:: Task goal ::
The answer should be the exact lines from the line containing "愛(ài)心就像冬日里的陽(yáng)光" through the last line of the material below, with no pictures.

:: Supplied material ::
::::::::
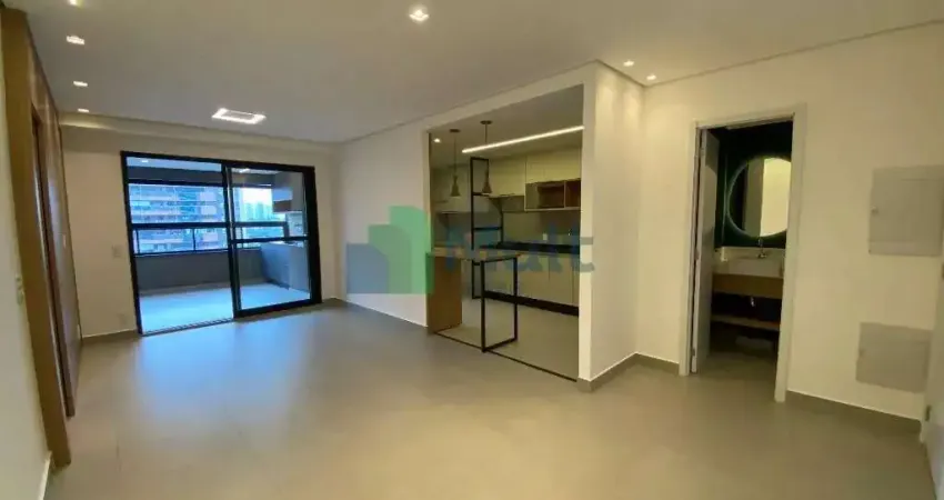 A cozinha é completa e funcional, equipada com armários planejados, coifa e cooktop. O apartamento ainda dispõe de um lavabo, área de serviço e duas vagas de garagem.
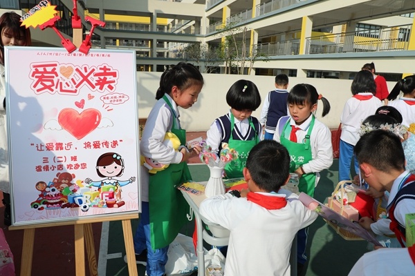 愛(ài)心就像冬日里的陽(yáng)光,三四年級(jí)的同學(xué)們開(kāi)展了愛(ài)心義賣活動(dòng),義賣攤位上擺滿了各式精美小巧的手工藝品、文具、食物、生活用品等,同學(xué)們向路過(guò)的“顧客們”推銷自己的愛(ài)心物品,可謂“八仙過(guò)海各顯神通”。行走在各式“商鋪”間,耳畔的叫賣聲,眼前的景象熱鬧非凡,在一買一賣之間傳遞愛(ài)心,讓大家感受校園的溫暖。
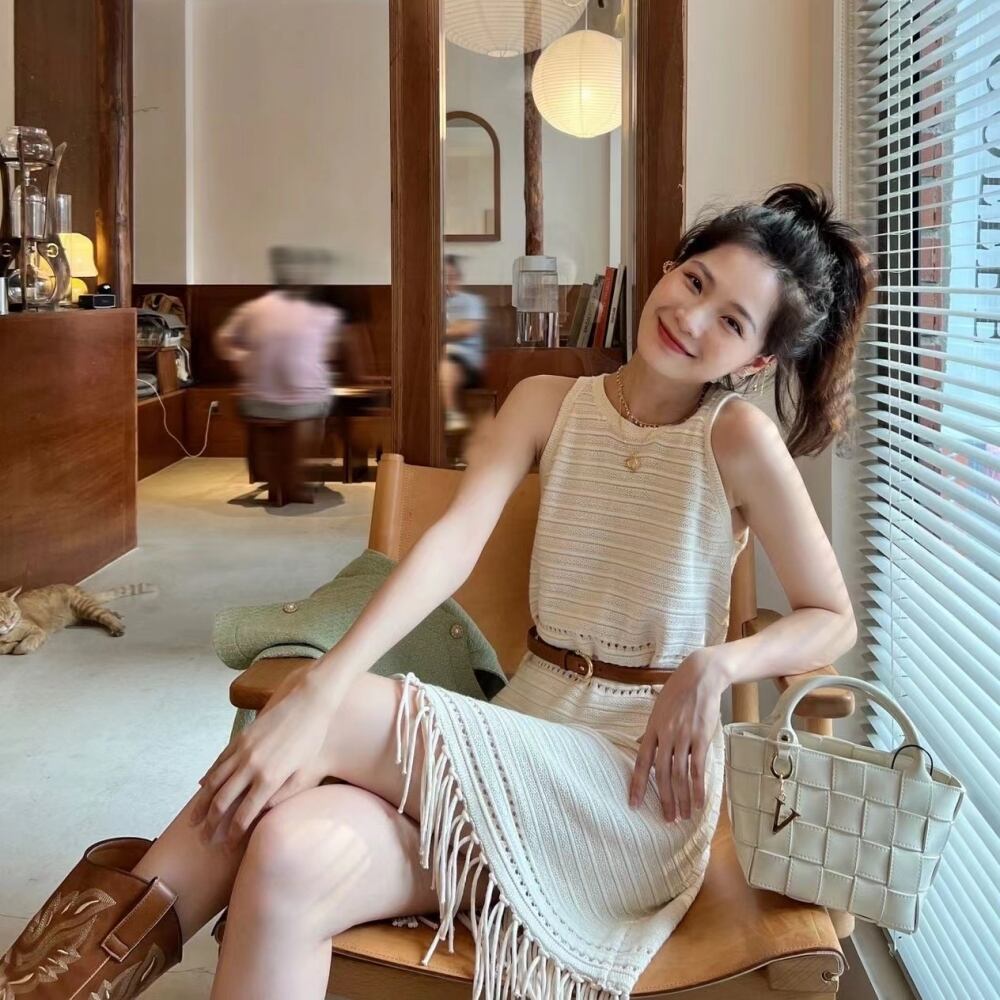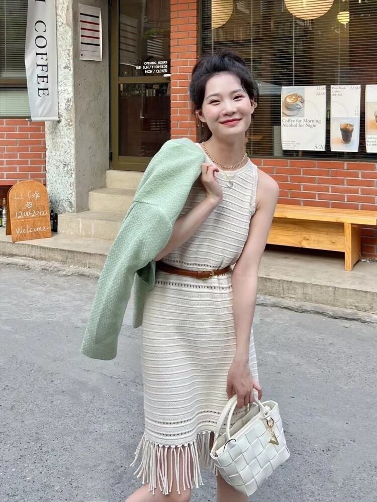 レディース ワンピース サマーニット ミニ ショート 袖なし ノースリーブ ラウンドネック クルーネック Aライン ウエストマーク ハイウエスト フリンジ ベルト付き かわいい きれいめ シンプル カジュアル おしゃれ レトロ こなれ感 エレガント 抜け感 キュート ナチュラル シック 牧歌的 爽やか 可愛い 清潔感 クリーン エフォートレス フォークロア センシュアル 春 夏 デート お出かけ リゾート 旅行 休日 楽ちん 普段使い 清楚 スタイルアップ 通気性 リラックス S M L XL ホワイト
::::::::
:: Answer space ::
 愛(ài)心就像冬日里的陽(yáng)光,三四年級(jí)的同學(xué)們開(kāi)展了愛(ài)心義賣活動(dòng),義賣攤位上擺滿了各式精美小巧的手工藝品、文具、食物、生活用品等,同學(xué)們向路過(guò)的“顧客們”推銷自己的愛(ài)心物品,可謂“八仙過(guò)海各顯神通”。行走在各式“商鋪”間,耳畔的叫賣聲,眼前的景象熱鬧非凡,在一買一賣之間傳遞愛(ài)心,讓大家感受校園的溫暖。
 レディース ワンピース サマーニット ミニ ショート 袖なし ノースリーブ ラウンドネック クルーネック Aライン ウエストマーク ハイウエスト フリンジ ベルト付き かわいい きれいめ シンプル カジュアル おしゃれ レトロ こなれ感 エレガント 抜け感 キュート ナチュラル シック 牧歌的 爽やか 可愛い 清潔感 クリーン エフォートレス フォークロア センシュアル 春 夏 デート お出かけ リゾート 旅行 休日 楽ちん 普段使い 清楚 スタイルアップ 通気性 リラックス S M L XL ホワイト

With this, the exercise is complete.